◆ **TASK DIRECTIONS**
Please copy the data below exactly, from its first line through the line holding "Company Name All", and skip the pictures.

◆ **PROVIDED DATA**
━━━━━━━━━━

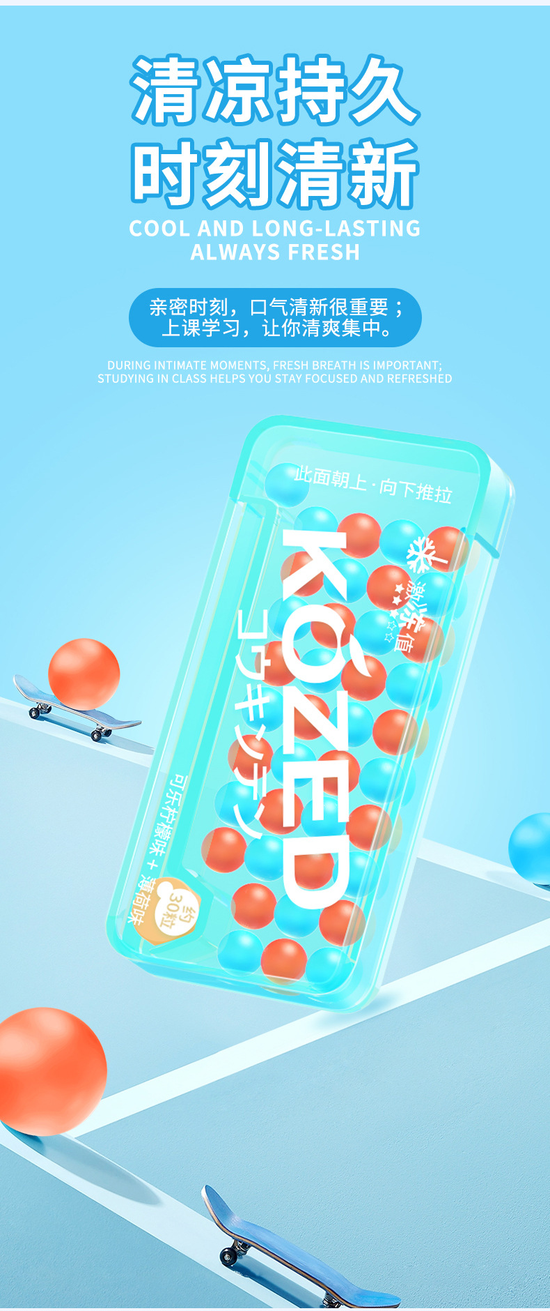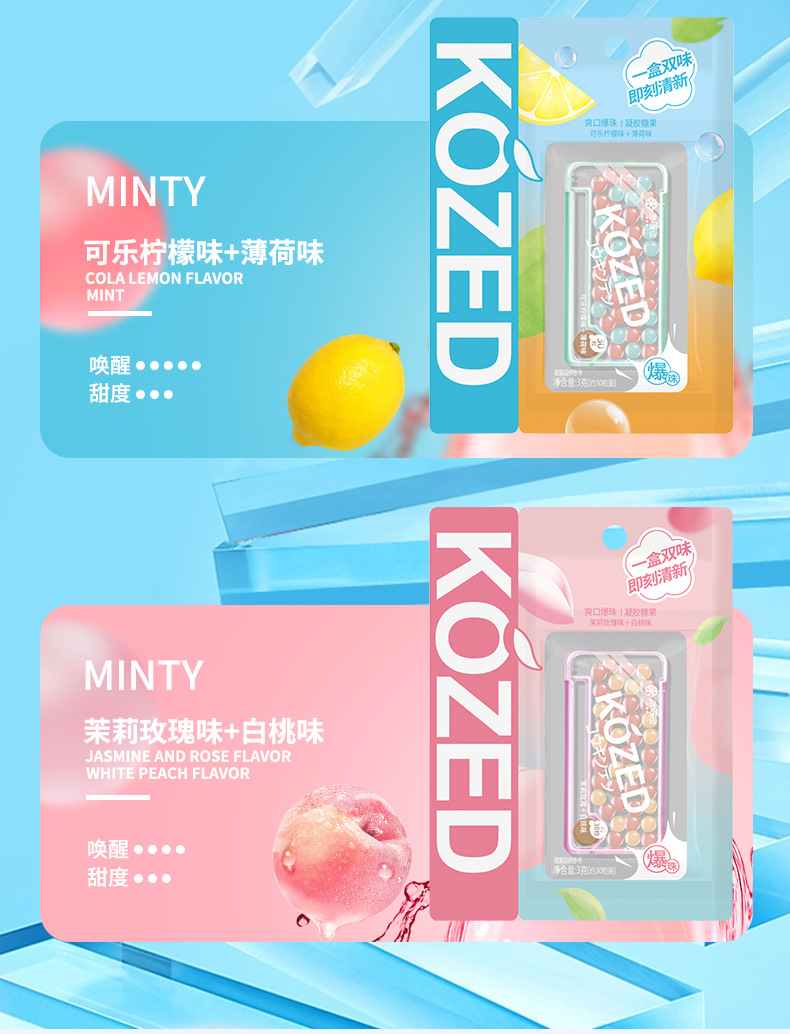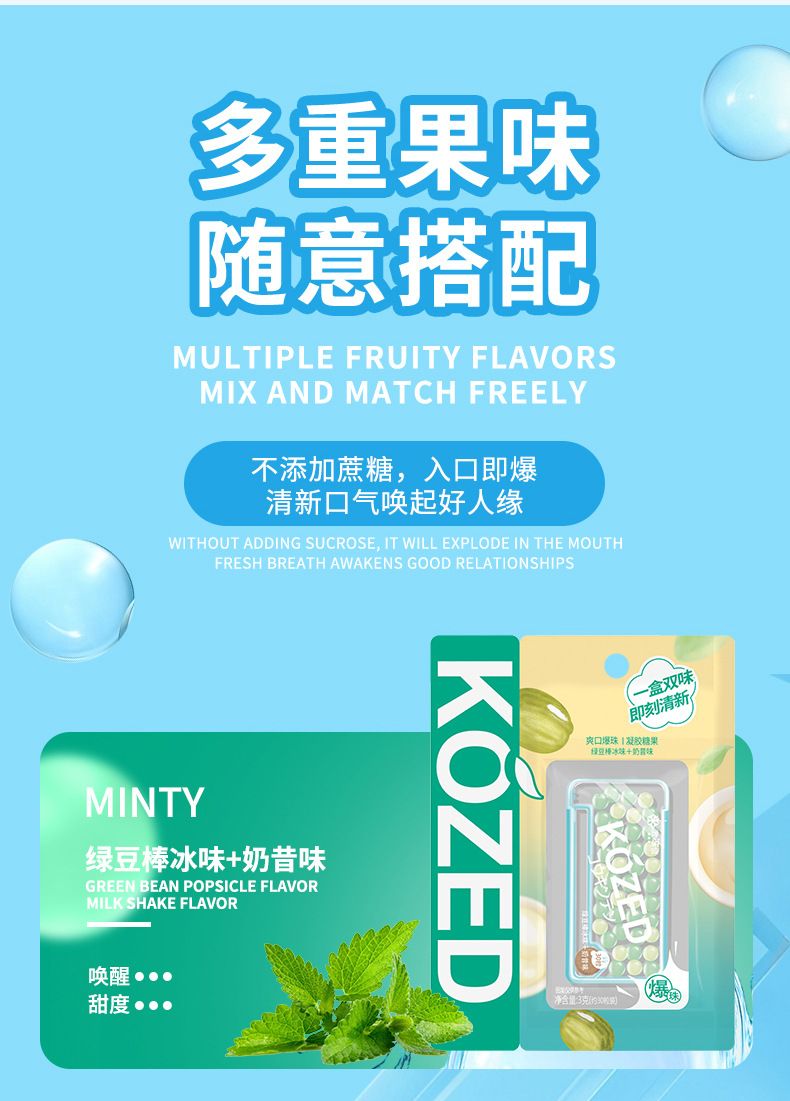 【一咬即“爆”❗️KOZED口香爆珠糖】爆珠设计入口即融,冰爽薄荷味/可乐柠檬味/绿豆棒冰/奶昔味/茉莉玫瑰白桃味可选,爆珠口感冰爽刺激,随时清新口气,益生菌口香糖薄荷糖男生女生亲嘴神器L
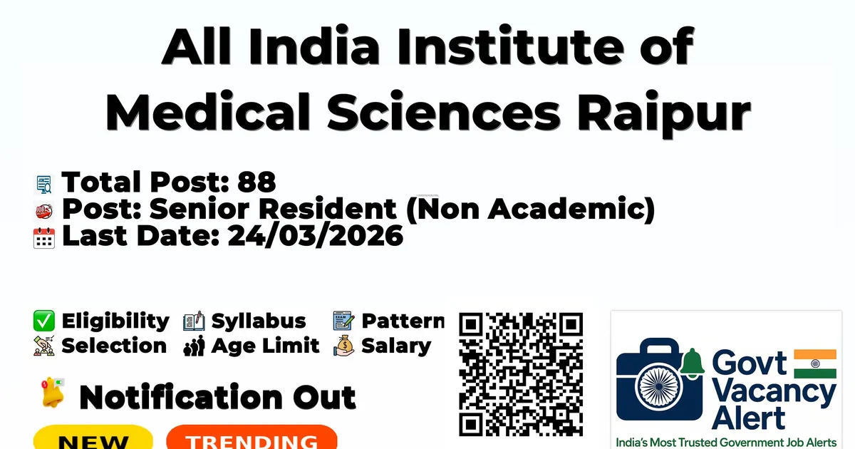 Company Name All India Institute of Medical Sciences Raipur (AIIMS Raipur) Post Name Senior Resident (Non Academic) No of Posts 88 Advt No No.9/327/2026/Recruit./Reg./AIIMSRPR/760 Salary Rs. 67,700/- (Level-11) per month + usual allowances including NPA (if applicable) Qualification Postgraduate Medical Degree (MD/MS/DNB/Diploma) in respective discipline Age Limit 45 years (as on 24/03/2026) with relaxations Start Date for Apply 14/03/2026 Last Date for Apply 24/03/2026 Official Website https://www.aiimsraipur.edu.in
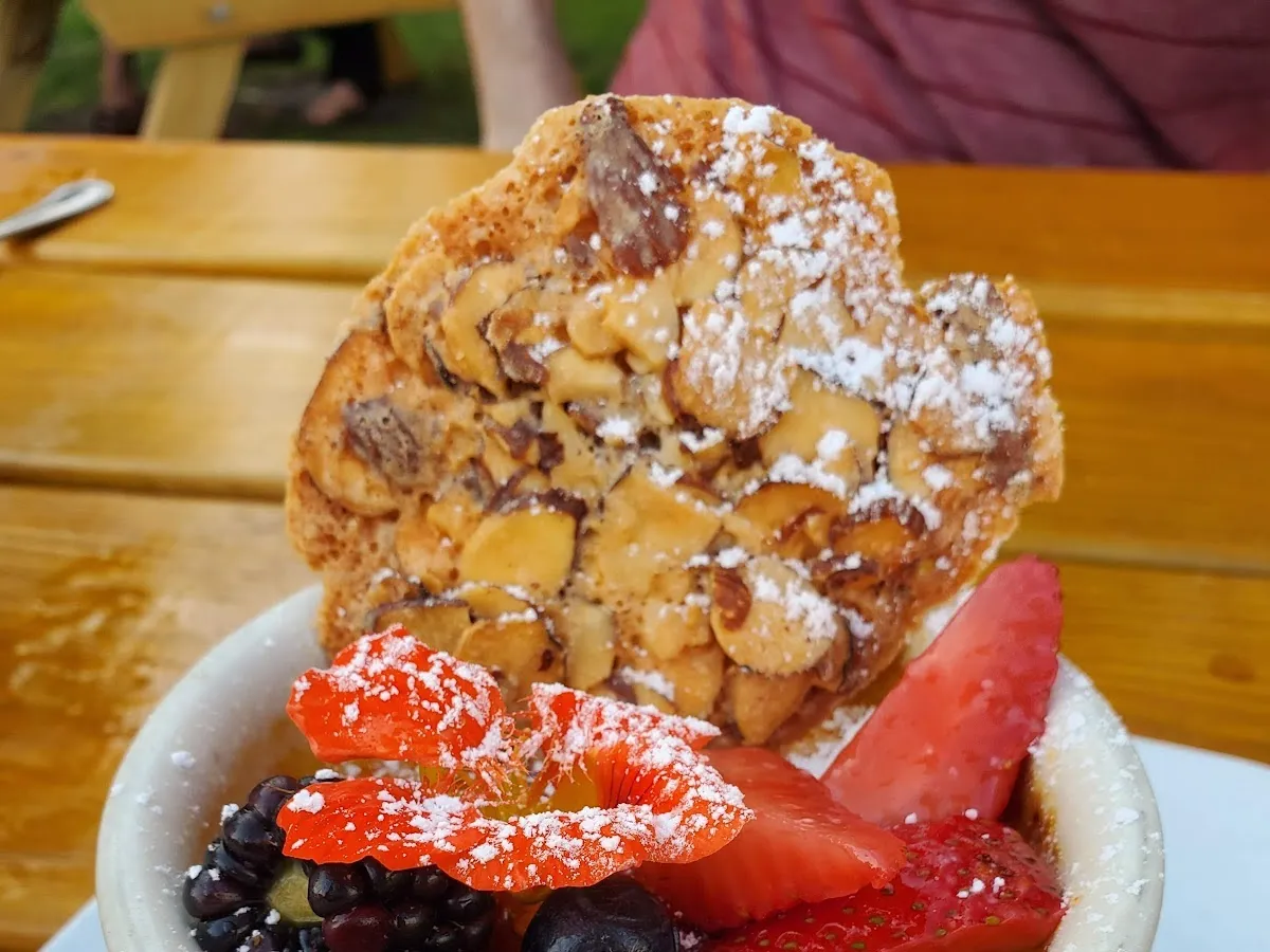 Asian-influenced American BYOB in a gray clapboard house with ceiling fans & framed photographs.

━━━━━━━━━━

◆ **TASK OUTPUT**
 【一咬即“爆”❗️KOZED口香爆珠糖】爆珠设计入口即融,冰爽薄荷味/可乐柠檬味/绿豆棒冰/奶昔味/茉莉玫瑰白桃味可选,爆珠口感冰爽刺激,随时清新口气,益生菌口香糖薄荷糖男生女生亲嘴神器L
 Company Name All India Institute of Medical Sciences Raipur (AIIMS Raipur) Post Name Senior Resident (Non Academic) No of Posts 88 Advt No No.9/327/2026/Recruit./Reg./AIIMSRPR/760 Salary Rs. 67,700/- (Level-11) per month + usual allowances including NPA (if applicable) Qualification Postgraduate Medical Degree (MD/MS/DNB/Diploma) in respective discipline Age Limit 45 years (as on 24/03/2026) with relaxations Start Date for Apply 14/03/2026 Last Date for Apply 24/03/2026 Official Website https://www.aiimsraipur.edu.in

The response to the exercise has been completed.